Lucky Cement Limited (LCL) () is the largest cement producer in Pakistan. Its shares are traded on the Pakistan Stock Exchange, and are part of the KSE 100 Index. The company's highest share price was PKR 1043.50, in May 2017
Lucky Cement is a part of one of the largest business groups in Pakistan, the Yunus Brothers Group.

Lucky Cement Limited recorded its highest ever profit after tax of Rs 13.69 billion for the year ending 30 June 2017.

History
Lucky Cement Limited (LCL) was founded in 1993 by Abdul Razzak Tabba. The company started with factories in the Pezu located in Lakki Marwat District of the Khyber Pakhtunkhwa Province. It now, also, owns a factory in Nooriabad, Jamshoro.

LCL is the largest producer and exporter of cement and clinker in Pakistan. The company has 15.3 million tonnes per annum of manufacturing capacity. The company is listed on the Pakistan Stock Exchange and London Stock Exchange.
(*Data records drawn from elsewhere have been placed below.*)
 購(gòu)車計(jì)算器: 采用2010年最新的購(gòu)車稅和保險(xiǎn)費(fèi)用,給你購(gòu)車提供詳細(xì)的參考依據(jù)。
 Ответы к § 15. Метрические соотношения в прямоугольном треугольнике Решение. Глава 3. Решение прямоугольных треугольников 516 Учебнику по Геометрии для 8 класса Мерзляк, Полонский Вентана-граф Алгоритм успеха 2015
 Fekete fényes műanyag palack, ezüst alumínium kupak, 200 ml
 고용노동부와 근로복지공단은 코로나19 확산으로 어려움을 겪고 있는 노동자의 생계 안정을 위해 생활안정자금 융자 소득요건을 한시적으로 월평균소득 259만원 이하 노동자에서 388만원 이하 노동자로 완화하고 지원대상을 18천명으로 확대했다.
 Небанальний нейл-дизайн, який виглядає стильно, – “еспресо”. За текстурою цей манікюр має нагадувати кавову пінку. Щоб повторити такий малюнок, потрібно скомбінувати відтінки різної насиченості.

Over the years, the company has grown substantially and is expanding its business operations with production facilities at strategic locations in Jamshoro District, Sindh and two field plants at Karachi on Super Highway to cater to the Southern regions, Pezu and Khyber Pakhtunkhwa to furnish the Northern areas of the country. LCL has a network of over 200 dealers which enables it to dominate the local market and is Pakistan's first company to export sizeable quantities of loose cement being the only cement manufacturer to have its own loading and storage terminal at Karachi Port.

LCL has been sponsored by one of the largest business groups in Pakistan, the Yunus Brothers Group, one of the largest textile export house of Pakistan, based in Karachi.

Products
In 2017, the company was producing Ordinary Portland Cement, Sulphate Resistant Cement, Block Cement and Clinker and had about an 18 percent share of the Pakistani cement market.

Power Generation
The company is producing enough electricity to not only fulfill its own requirements but has also started supplying electricity to Hyderabad Electric Supply Company (HESCO). and is now in the process of providing electricity to Peshawar Electric Power Company.
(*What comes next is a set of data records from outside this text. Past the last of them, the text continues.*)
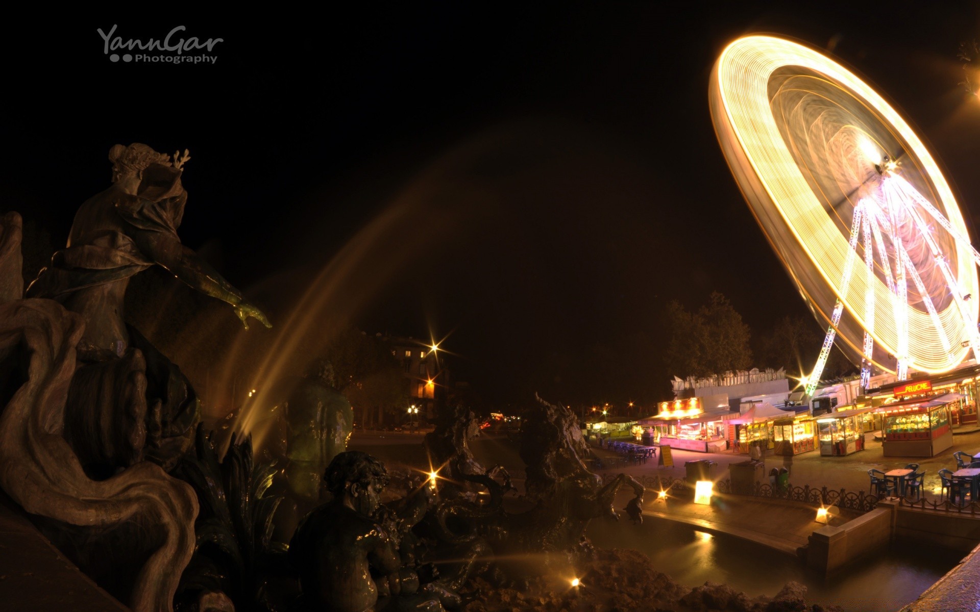 Un coche BMW azul viaja por la carretera en medio de la ciudad de la noche
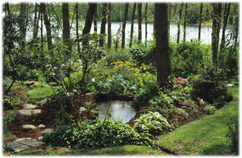 Haven: Vi flyttede hertil i 1972. Det var beliggenheden tæt ved Buresø, der var specielt tiltrækkende. Tænk at kunne gå ud af sin havelåge og hoppe i vandet eller at trave en tur i forårsskoven. Grunden er 2500 kvadratmeter stor - ca. 100 meter lang og 25 meter bred. Terrænet falder 8 meter fra huset til skellet ved søen. Dette giver fine muligheder for at dyrke mange slags planter, da drænet altid er i orden. |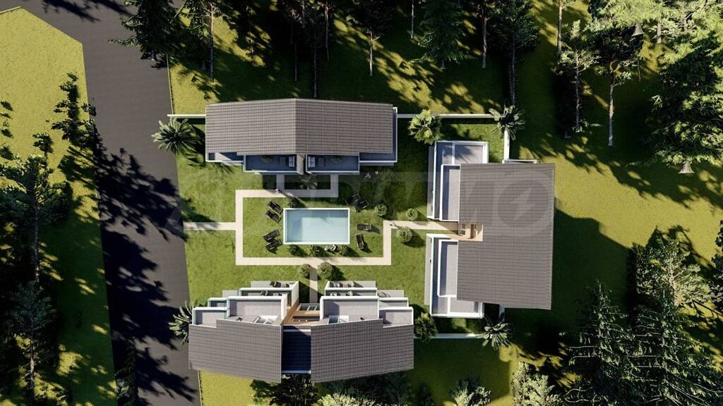 Die Anlage wurde mit Fokus auf Privatsphäre und Komfort konzipiert und besteht aus drei Gebäuden ? zwei mit je vier Wohnungen und einem mit zwei Wohnungen. Dies sorgt für ein ruhiges und harmonisches Wohnumfeld. Den Bewohnern steht ein Gemeinschaftspool zur Verfügung, der in den Sommermonaten für angenehme Abkühlung sorgt. Die Anlage bietet Zwei- und Dreizimmerwohnungen mit funktionalen Grundrissen, die auf die Bedürfnisse eines modernen Lebensstils zugeschnitten sind. Die Zweizimmerwohnungen befinden sich im Erdgeschoss und verfügen über Veranden und direkten Zugang zum Garten, während die Dreizimmerwohnungen sonnige Terrassen im ersten und zweiten Obergeschoss bieten.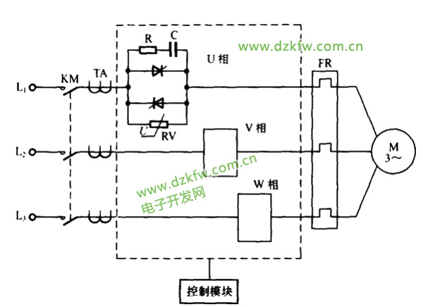 一方面其转矩近似与定子电压的平方成正比,另一方面电动机的电流又和定子电压成正比。电动机的起动转矩和初始电流的限制可以通过定子电压的控制来实现,而定子电压又是通过可控硅的导通相角来控制的。

Geared to sustainable growth, The YB Group has diversified into the power generation sector by investing into Lucky Electric Power Company Limited (LEPCL).  The company is a wholly owned subsidiary of LCL Holding Limited making it an indirect subsidiary of Lucky Cement Limited. Being the largest importer of coal, Lucky Cement Limited's decision of investing in 660MW coal-based power project in Karachi will create synergy amongst its existing diversified business portfolio.
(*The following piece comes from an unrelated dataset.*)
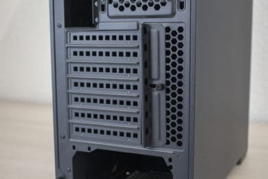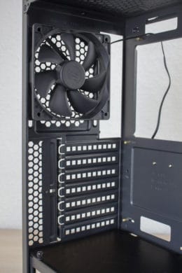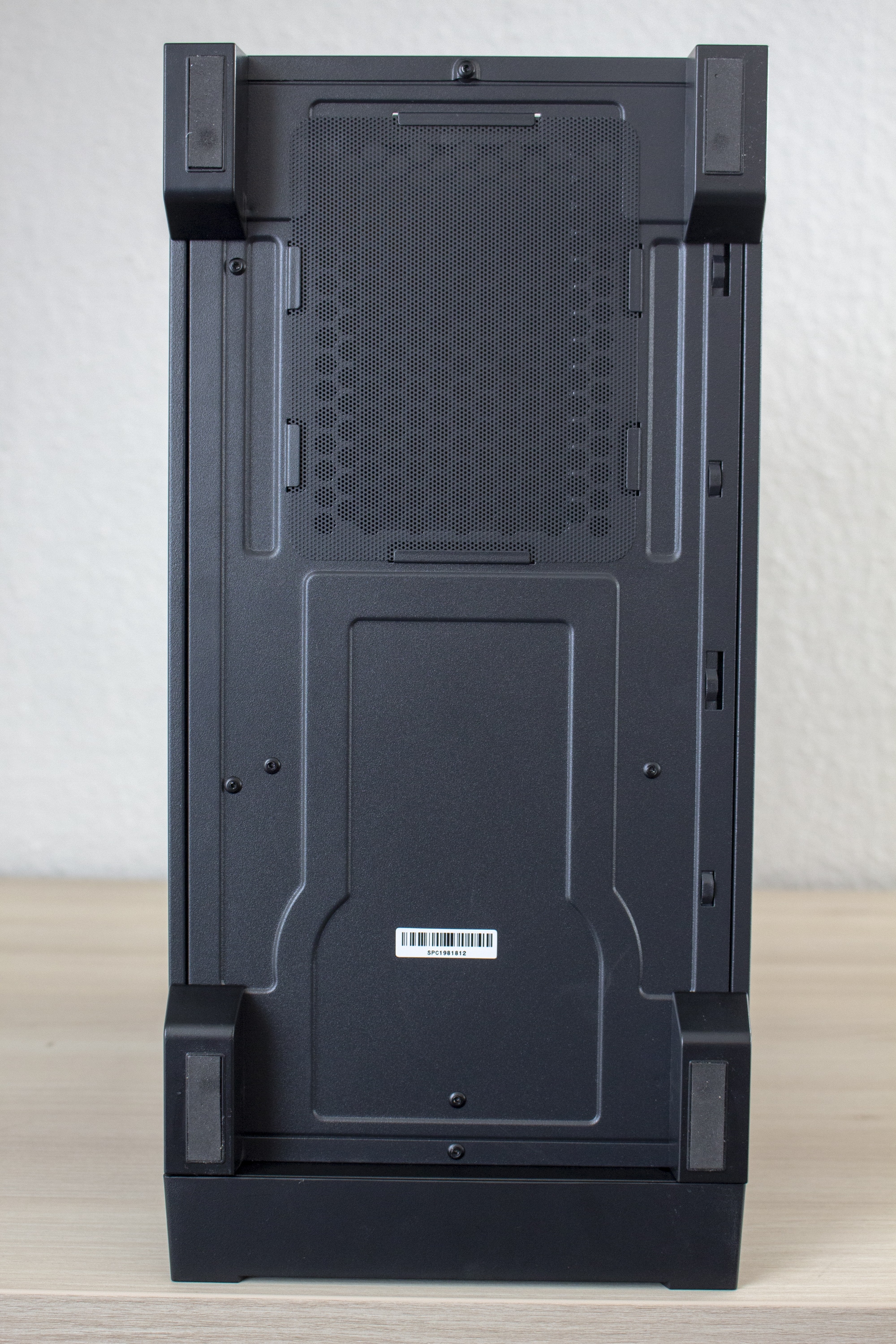 Die Rückseite und Unterseite des Armis AR3 verbergen keine besonderen Features. Der Midi-Tower steht auf gummierten und soliden Kunststofffüßen, das Netzteil wird unten montiert und mit einem Meshfilter vor grobem Staub geschützt. Darüber befinden sich die sieben PCI-Slots und der zweite vorinstallierte Gehäuselüfter. Unglücklicherweise muss man alle PCI-Slotblenden herausbrechen. Immerhin legt SilentiumPC drei Ersatzblenden bei.

In July 2020, K-Electric Limited (Karachi) and Lucky Cement signed an agreement whereby K-Electric would buy up to 6 megawatt (MW) of electricity from Lucky Cement to be supplied to DHA City, Karachi being developed along Superhighway.

Alternate Fuel
Lucky Cement has shifted its focus to alternate fuel such as TDF and RDF.

Sustainability Reporting
In 2012, Lucky Cement was the only company in Pakistan to receive an A+ rating by Global Reporting Initiative (GRI) of Netherlands, for its Sustainability Report for 2012.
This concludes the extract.